Instructions for the task: For the records that follow, please set down exactly the lines between the one holding "Impossible cependant de" and the one holding "As Training from", inclusive, and only those.

Information provided:
"""
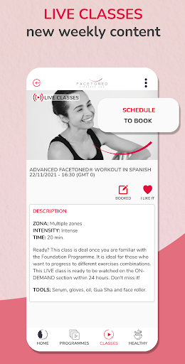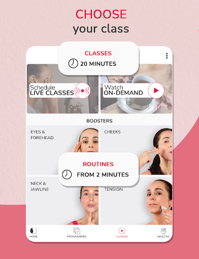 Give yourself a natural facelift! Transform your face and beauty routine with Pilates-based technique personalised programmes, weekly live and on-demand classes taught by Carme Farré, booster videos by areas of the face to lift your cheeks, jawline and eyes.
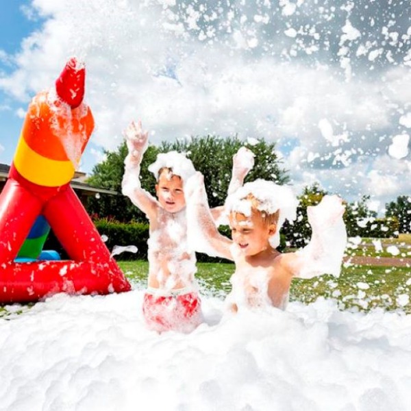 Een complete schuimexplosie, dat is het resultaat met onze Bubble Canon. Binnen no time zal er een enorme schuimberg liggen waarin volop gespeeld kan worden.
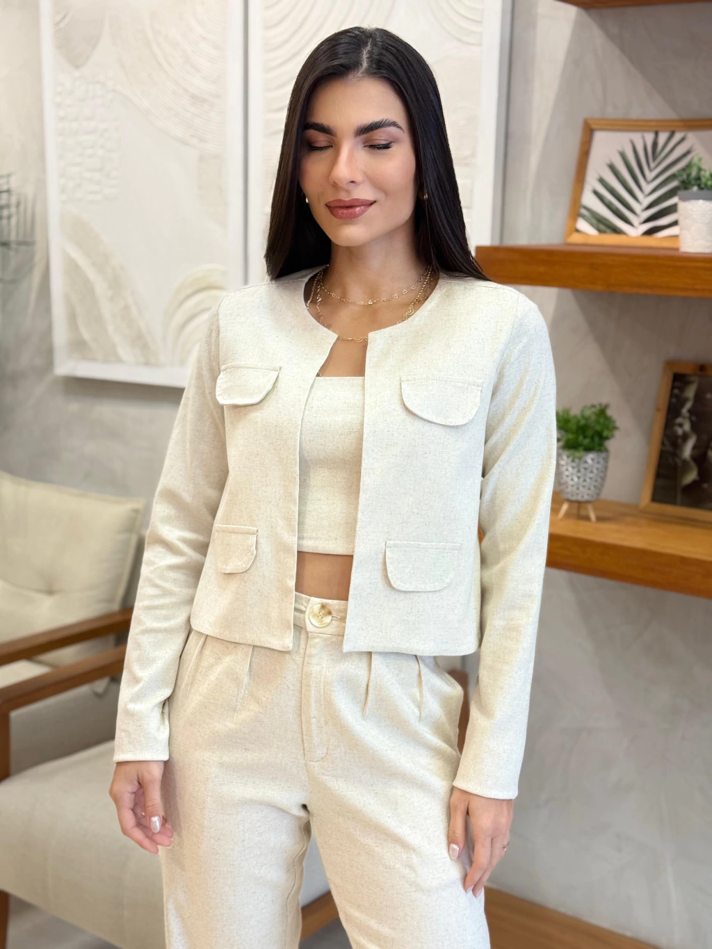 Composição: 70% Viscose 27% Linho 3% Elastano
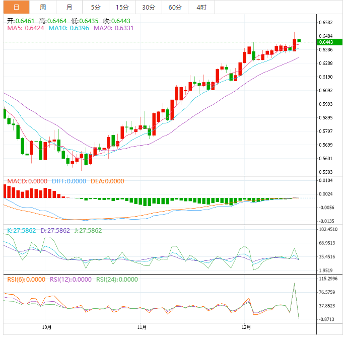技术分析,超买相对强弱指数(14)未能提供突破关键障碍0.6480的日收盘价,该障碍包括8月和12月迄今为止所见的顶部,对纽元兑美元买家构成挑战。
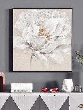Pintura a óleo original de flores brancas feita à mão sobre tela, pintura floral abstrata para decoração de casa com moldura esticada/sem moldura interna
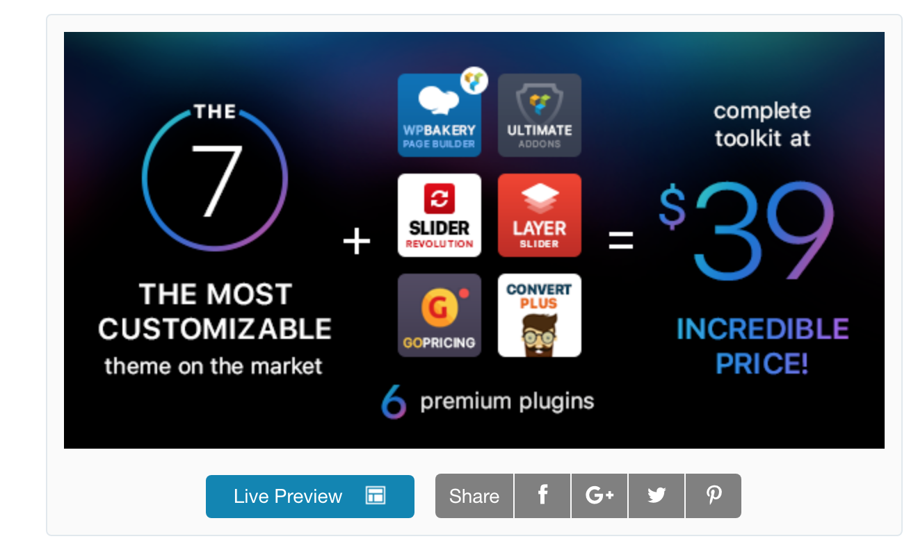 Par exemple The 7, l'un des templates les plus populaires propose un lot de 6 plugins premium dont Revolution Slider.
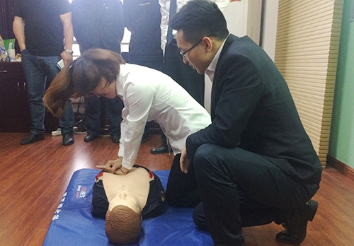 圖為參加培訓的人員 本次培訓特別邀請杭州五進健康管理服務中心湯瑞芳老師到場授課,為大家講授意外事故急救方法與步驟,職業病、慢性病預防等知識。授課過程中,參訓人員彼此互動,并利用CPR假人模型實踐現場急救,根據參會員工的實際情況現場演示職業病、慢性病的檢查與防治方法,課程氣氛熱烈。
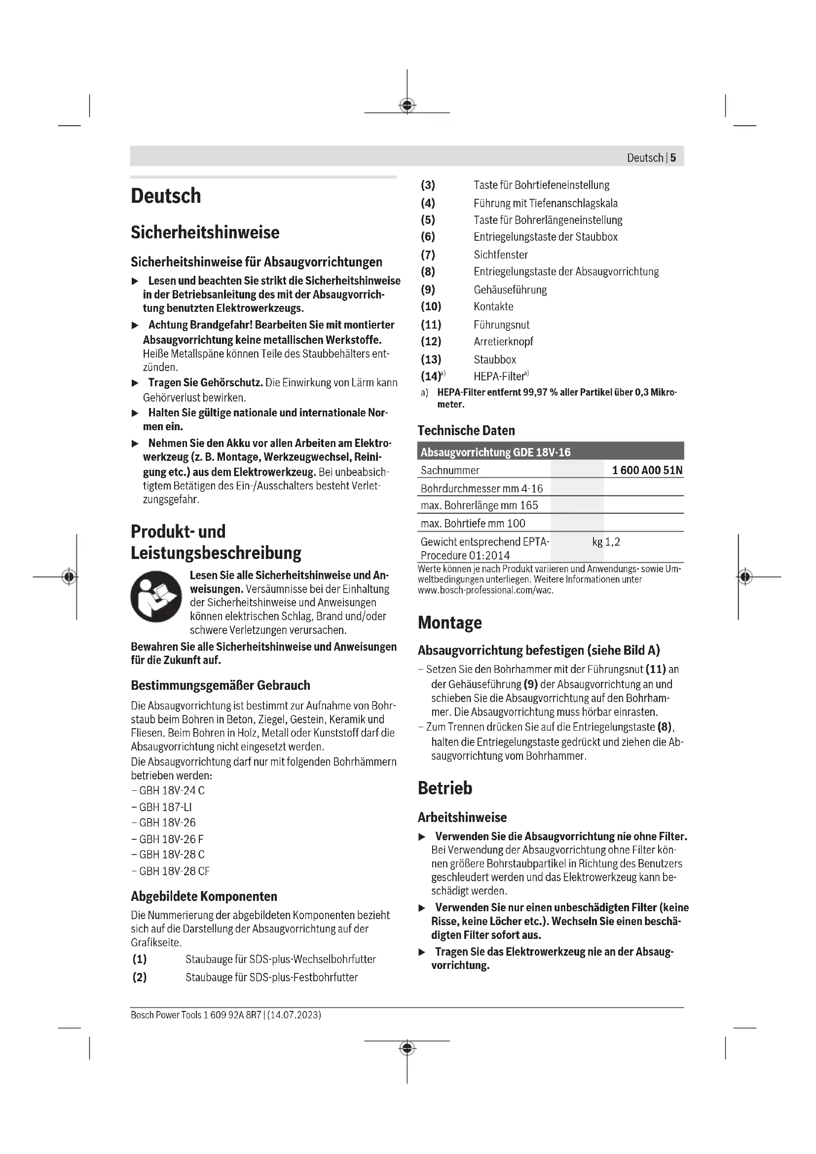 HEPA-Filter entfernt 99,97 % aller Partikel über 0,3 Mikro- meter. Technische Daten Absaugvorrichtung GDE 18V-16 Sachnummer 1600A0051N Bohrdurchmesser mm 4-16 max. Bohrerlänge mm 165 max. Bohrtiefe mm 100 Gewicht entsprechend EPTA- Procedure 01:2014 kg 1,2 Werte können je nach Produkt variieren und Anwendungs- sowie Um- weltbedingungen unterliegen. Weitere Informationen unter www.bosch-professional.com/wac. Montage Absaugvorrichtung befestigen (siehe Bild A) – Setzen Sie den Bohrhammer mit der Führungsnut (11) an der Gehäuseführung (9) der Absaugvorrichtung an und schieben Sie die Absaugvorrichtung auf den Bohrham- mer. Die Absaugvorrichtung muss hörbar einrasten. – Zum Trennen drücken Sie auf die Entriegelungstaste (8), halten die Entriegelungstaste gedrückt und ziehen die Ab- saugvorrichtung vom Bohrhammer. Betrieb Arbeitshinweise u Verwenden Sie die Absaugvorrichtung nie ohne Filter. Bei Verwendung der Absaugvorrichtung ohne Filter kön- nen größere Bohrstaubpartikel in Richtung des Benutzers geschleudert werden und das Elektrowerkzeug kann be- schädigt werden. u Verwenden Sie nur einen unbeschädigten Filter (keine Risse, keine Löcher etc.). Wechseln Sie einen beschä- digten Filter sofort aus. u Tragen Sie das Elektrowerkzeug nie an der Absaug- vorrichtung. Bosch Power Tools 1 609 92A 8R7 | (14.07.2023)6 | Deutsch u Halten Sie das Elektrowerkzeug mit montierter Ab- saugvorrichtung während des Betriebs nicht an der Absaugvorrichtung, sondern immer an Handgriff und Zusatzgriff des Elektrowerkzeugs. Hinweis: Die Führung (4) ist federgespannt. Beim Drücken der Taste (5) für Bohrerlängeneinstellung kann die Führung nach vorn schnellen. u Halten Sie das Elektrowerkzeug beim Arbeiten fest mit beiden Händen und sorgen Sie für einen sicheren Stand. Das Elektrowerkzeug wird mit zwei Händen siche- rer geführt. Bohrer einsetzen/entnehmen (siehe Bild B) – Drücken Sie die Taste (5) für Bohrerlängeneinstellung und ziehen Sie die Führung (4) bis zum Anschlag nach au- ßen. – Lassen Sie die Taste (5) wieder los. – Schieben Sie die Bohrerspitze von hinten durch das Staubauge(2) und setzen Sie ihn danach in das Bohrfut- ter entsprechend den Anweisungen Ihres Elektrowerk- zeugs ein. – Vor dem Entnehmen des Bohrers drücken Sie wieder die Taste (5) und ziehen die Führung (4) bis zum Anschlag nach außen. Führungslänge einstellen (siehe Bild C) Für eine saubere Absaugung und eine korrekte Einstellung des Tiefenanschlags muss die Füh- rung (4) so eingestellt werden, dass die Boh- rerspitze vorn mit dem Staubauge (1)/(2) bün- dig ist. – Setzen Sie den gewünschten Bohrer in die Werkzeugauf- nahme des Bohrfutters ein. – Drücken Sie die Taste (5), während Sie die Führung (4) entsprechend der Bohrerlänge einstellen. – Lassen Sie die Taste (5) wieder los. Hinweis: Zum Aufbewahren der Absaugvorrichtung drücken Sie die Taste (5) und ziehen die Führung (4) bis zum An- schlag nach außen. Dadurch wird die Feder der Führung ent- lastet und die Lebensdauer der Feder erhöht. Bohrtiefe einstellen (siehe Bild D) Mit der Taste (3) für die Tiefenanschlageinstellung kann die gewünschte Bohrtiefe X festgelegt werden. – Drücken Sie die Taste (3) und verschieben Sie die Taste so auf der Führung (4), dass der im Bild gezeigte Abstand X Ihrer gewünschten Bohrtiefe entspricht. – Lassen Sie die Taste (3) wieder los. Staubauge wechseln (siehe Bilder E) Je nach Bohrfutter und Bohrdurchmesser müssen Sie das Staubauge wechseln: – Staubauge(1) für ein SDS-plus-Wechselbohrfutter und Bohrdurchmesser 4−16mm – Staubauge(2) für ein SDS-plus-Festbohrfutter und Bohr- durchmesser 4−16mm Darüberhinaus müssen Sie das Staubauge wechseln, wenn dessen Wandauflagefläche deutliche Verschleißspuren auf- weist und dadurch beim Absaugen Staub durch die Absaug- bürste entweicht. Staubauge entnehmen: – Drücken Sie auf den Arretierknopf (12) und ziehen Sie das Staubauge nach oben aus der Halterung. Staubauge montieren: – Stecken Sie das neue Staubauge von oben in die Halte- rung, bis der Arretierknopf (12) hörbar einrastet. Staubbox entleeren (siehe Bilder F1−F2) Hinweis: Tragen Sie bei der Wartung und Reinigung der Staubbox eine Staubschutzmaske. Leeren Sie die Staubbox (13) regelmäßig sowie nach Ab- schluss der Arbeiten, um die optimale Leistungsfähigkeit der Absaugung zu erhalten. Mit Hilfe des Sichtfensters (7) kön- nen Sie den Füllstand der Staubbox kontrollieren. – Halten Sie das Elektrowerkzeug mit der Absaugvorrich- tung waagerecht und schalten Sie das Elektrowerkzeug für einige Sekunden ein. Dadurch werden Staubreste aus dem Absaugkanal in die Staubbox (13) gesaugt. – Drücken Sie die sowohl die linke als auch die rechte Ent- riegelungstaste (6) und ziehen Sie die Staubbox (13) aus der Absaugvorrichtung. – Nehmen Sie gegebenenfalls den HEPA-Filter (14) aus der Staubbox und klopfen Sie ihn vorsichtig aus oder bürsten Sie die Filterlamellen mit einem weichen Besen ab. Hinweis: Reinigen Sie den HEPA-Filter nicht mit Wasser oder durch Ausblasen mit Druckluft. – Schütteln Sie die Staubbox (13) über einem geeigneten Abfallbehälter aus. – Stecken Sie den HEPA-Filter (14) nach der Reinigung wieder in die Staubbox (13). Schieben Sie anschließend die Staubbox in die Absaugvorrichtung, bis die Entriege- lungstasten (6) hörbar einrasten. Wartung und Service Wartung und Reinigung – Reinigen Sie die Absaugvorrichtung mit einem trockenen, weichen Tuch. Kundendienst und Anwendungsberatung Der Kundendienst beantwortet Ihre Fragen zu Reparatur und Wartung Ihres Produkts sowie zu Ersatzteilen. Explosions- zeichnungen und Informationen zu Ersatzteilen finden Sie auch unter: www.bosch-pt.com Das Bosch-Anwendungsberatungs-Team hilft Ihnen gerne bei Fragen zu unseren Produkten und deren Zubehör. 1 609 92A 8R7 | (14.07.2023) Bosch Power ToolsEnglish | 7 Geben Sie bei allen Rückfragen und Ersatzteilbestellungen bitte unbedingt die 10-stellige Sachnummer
"""
"""
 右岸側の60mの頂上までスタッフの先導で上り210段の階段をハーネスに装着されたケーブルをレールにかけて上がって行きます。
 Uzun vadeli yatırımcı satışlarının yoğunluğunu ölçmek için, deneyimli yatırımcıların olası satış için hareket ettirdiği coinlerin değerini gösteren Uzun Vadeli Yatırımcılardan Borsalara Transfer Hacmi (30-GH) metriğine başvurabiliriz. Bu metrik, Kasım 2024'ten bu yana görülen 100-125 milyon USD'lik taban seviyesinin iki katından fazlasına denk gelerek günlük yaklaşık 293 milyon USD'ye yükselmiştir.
"""
"""
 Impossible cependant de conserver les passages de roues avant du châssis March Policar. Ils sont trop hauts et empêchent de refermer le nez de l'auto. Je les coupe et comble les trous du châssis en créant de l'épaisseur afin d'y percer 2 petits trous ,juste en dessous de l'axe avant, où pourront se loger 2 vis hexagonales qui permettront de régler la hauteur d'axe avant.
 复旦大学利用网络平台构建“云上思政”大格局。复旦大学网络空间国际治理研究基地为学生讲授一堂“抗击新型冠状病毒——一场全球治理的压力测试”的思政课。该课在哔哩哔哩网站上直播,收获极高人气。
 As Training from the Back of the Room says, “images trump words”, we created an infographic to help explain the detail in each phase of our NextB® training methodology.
"""
Solution:
 Impossible cependant de conserver les passages de roues avant du châssis March Policar. Ils sont trop hauts et empêchent de refermer le nez de l'auto. Je les coupe et comble les trous du châssis en créant de l'épaisseur afin d'y percer 2 petits trous ,juste en dessous de l'axe avant, où pourront se loger 2 vis hexagonales qui permettront de régler la hauteur d'axe avant.
 复旦大学利用网络平台构建“云上思政”大格局。复旦大学网络空间国际治理研究基地为学生讲授一堂“抗击新型冠状病毒——一场全球治理的压力测试”的思政课。该课在哔哩哔哩网站上直播,收获极高人气。
 As Training from the Back of the Room says, “images trump words”, we created an infographic to help explain the detail in each phase of our NextB® training methodology.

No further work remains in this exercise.